Хозе бросил на канадца вопрошающий взгляд, как будто желая знать, рассчитывал ли он на подобные неприятные случайности, когда старался представить Фабиану в таких привлекательных красках их скитальческий образ жизни. В первый раз в жизни лицо отважного охотника покрылось при подобных обстоятельствах смертельной бледностью. Грустный, но выразительный взгляд служил единственным ответом на немой вопрос испанца.
— Это доказывает, — рассуждал сам с собою Хозе, — что слишком сильная любовь в сердце человека, как бы он ни был сам бесстрашен и смел, заставляет его переживать за жизнь того человека, которого он любил, и следовательно, такие искатели приключений, как мы, не должны питать никаких подобных привязанностей. Вот теперь наш Розбуа решительно теряет всякую твердость духа, как сентиментальная дама.
Но вряд ли и привычный глаз индейца мог разгадать их тайное убежище. Когда первоначальные опасения миновали, охотники принялись обсуждать свое положение с куда большим хладнокровием.

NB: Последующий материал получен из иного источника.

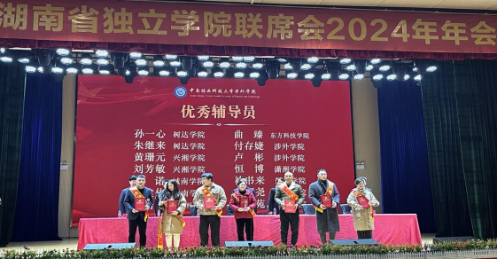 年会中,各独立学院的院长、书记和参会人员进行了分组讨论,就学习贯彻党的二十届三中全会及全国教育大会精神、落实立德树人根本任务、如何加强独立学院之间信息交流资源共享、研讨独立学院创新发展等方面进行了充分的交流和探讨。会议还对评选出的湖南省首届独立学院“优秀管理工作者”“优秀辅导员”和“创新创业之星”进行了表彰。我院唐慧老师被评为“优秀管理工作者”,褚书来老师老师和华振尧老师被评为“优秀辅导员”,2021级药学专业封玉婷同学被评为“创新创业之星”。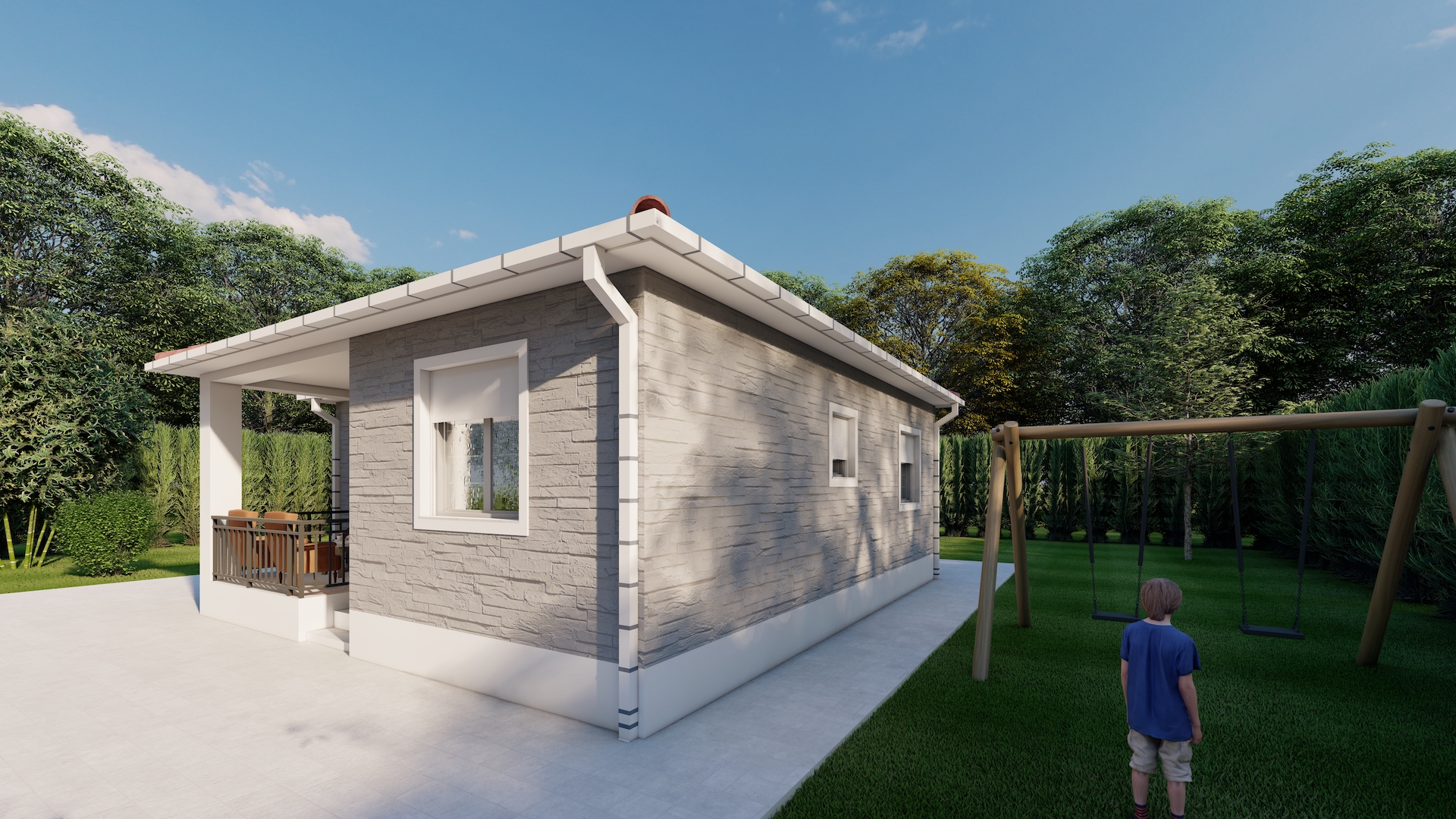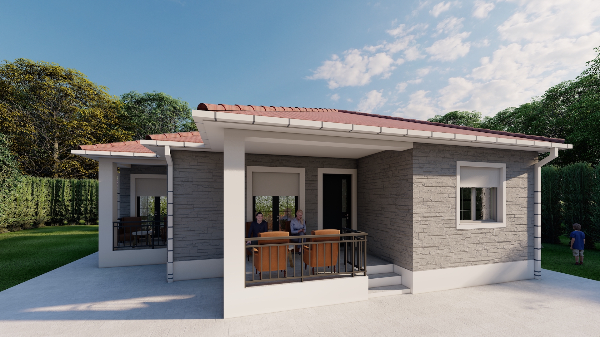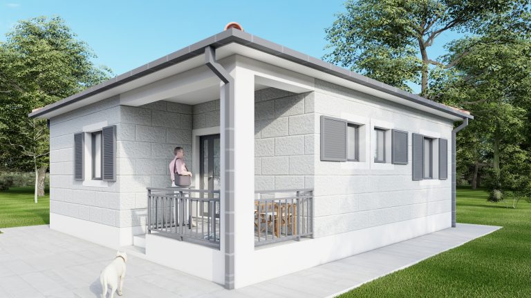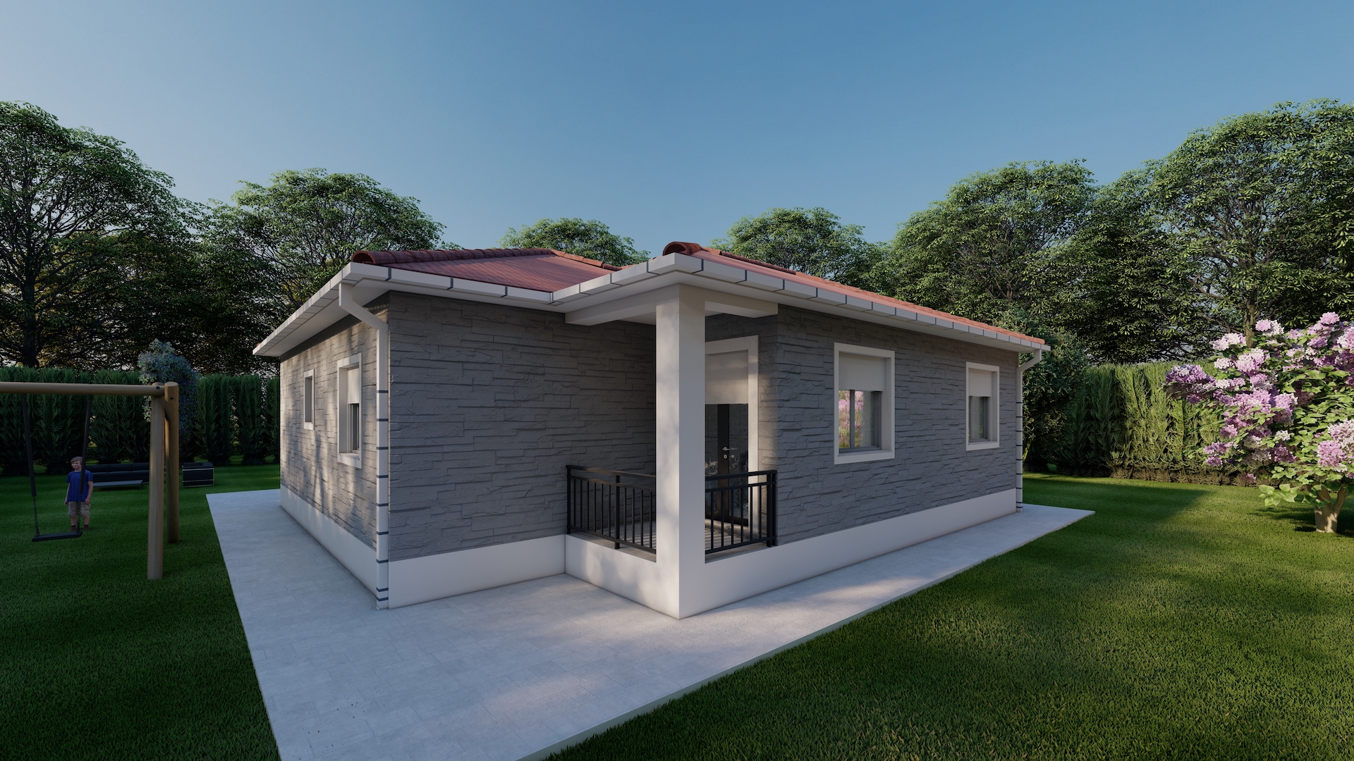 The complete project includes an established foundation, ground floor, roof, cross-section, 4 facades and a three-dimensional representation of the house.

Несколько минут индейцы продолжали свое преследование спасающихся диких лошадей. Бесчисленные препятствия, которыми была усыпана расстилающаяся перед ними равнина, многочисленные овраги, холмы, колючие кактусовые кусты, ничто не могло их удержать. Нисколько не умеряя своего бешеного галопа и не обходя этих препятствий, индейские всадники перепрыгивали через них с хладнокровной отвагой и ловкостью. Будучи сам превосходным наездником, Фабиан дивился искусству этих бесстрашных всадников с неподдельным восхищением. Однако меры предосторожности, которые наши охотники вынуждены были принять, чтобы скрыть свое присутствие от индейцев, лишили их возможности долго наблюдать великолепное и вместе с тем жестокое зрелище индейской охоты, предметом которой весьма легко могли сделаться и сами.
Необозримые саванны, в которых только что царила полнейшая тишина, вдруг превратились в поприще шумной охоты. Спасшийся в воде олень вскоре вынужден был опять выйти на берег и помчался с быстротою ветра; за ним неслась целая стая волков.
В другом конце равнины табун диких лошадей спасался от преследовавших его индейцев, неистовые восклицания которых ничем не уступали реву хищной стаи. Многочисленное эхо повторяло вой волков и разноголосое завывание разгоряченных азартом апахов.
Глядя на Фабиана, который с блестящими глазами следил за этими дикими и шумными гонками, нисколько не беспокоясь на свой счет, Розбуа тщетно старался вернуть себе обычное хладнокровие, не изменявшее ему прежде и при более суровых опасностях, нежели та, которая могла настигнуть их в этом хлипком убежище. Он успокаивал себя мыслью, что, по всей вероятности, никто не мог их заметить.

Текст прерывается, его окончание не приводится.